## Task objective
Would you output the entries below only from the line containing "第二个就是我们的貂蝉了,作为" through the line containing "The positano tunic", exactly as they stand and with both ends included?

## Provided entries
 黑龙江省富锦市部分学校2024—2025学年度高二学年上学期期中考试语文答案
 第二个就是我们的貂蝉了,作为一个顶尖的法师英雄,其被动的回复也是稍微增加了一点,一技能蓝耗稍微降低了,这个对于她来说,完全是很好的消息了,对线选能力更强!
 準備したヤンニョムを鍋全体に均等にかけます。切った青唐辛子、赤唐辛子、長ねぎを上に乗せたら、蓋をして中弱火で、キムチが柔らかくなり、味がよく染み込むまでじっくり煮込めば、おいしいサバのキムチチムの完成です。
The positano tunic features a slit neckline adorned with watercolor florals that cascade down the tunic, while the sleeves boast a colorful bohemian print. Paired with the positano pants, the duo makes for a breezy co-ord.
--
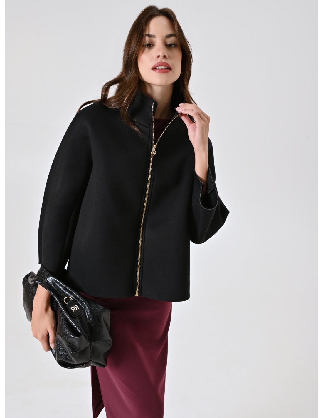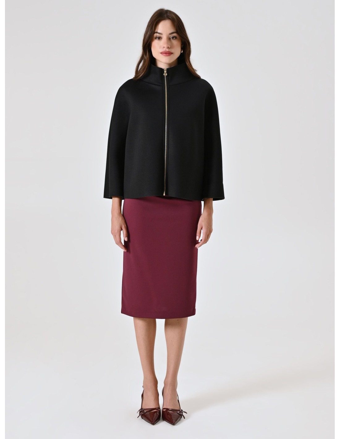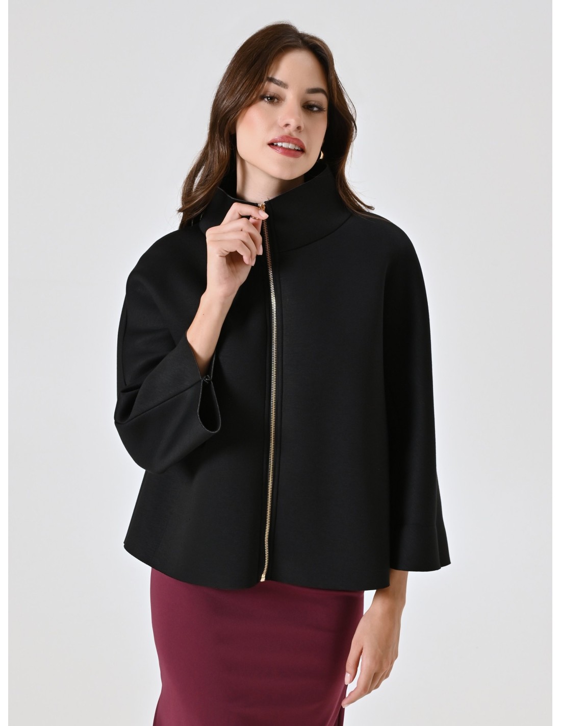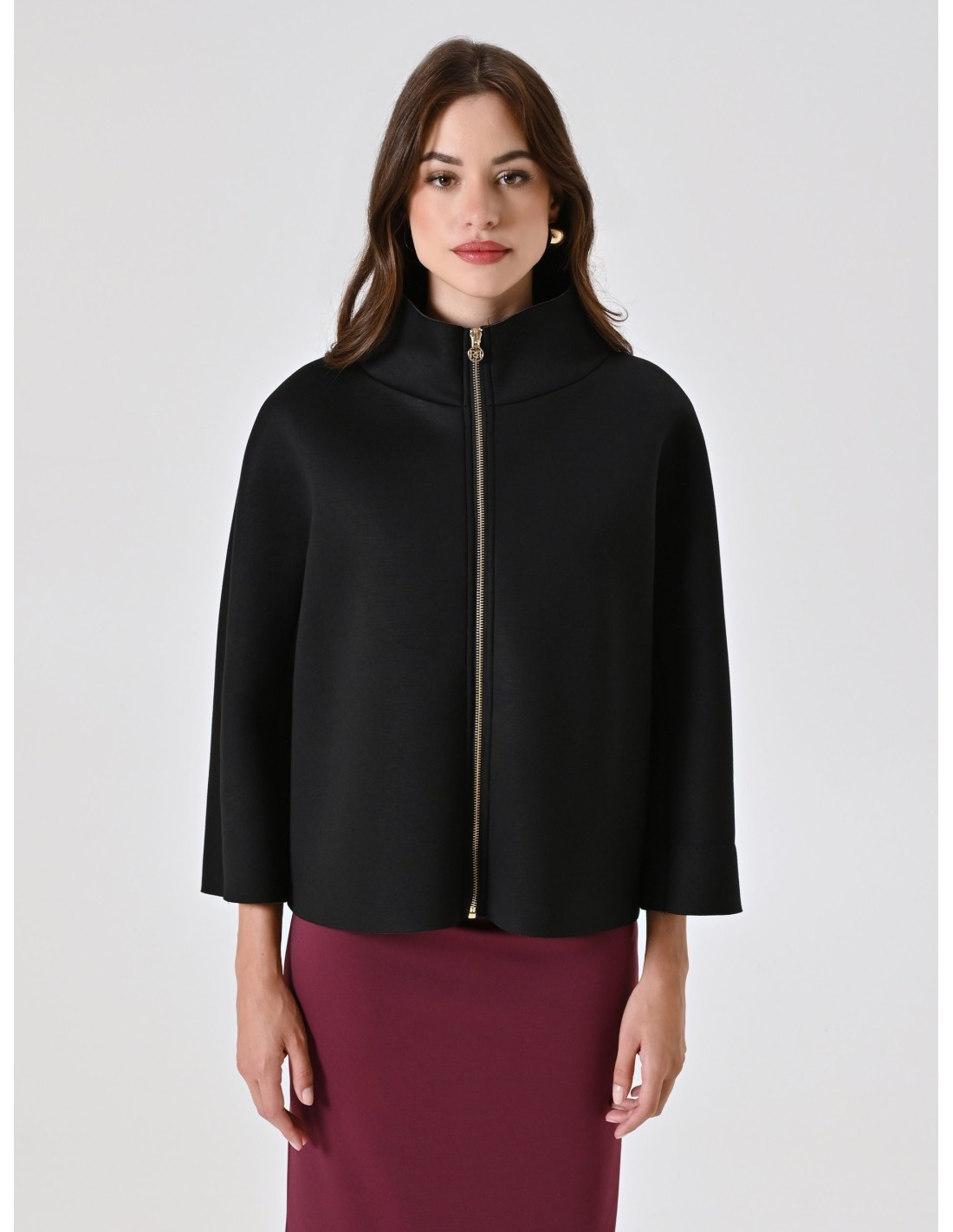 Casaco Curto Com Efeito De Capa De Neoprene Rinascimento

## Your response
 第二个就是我们的貂蝉了,作为一个顶尖的法师英雄,其被动的回复也是稍微增加了一点,一技能蓝耗稍微降低了,这个对于她来说,完全是很好的消息了,对线选能力更强!
 準備したヤンニョムを鍋全体に均等にかけます。切った青唐辛子、赤唐辛子、長ねぎを上に乗せたら、蓋をして中弱火で、キムチが柔らかくなり、味がよく染み込むまでじっくり煮込めば、おいしいサバのキムチチムの完成です。
The positano tunic features a slit neckline adorned with watercolor florals that cascade down the tunic, while the sleeves boast a colorful bohemian print. Paired with the positano pants, the duo makes for a breezy co-ord.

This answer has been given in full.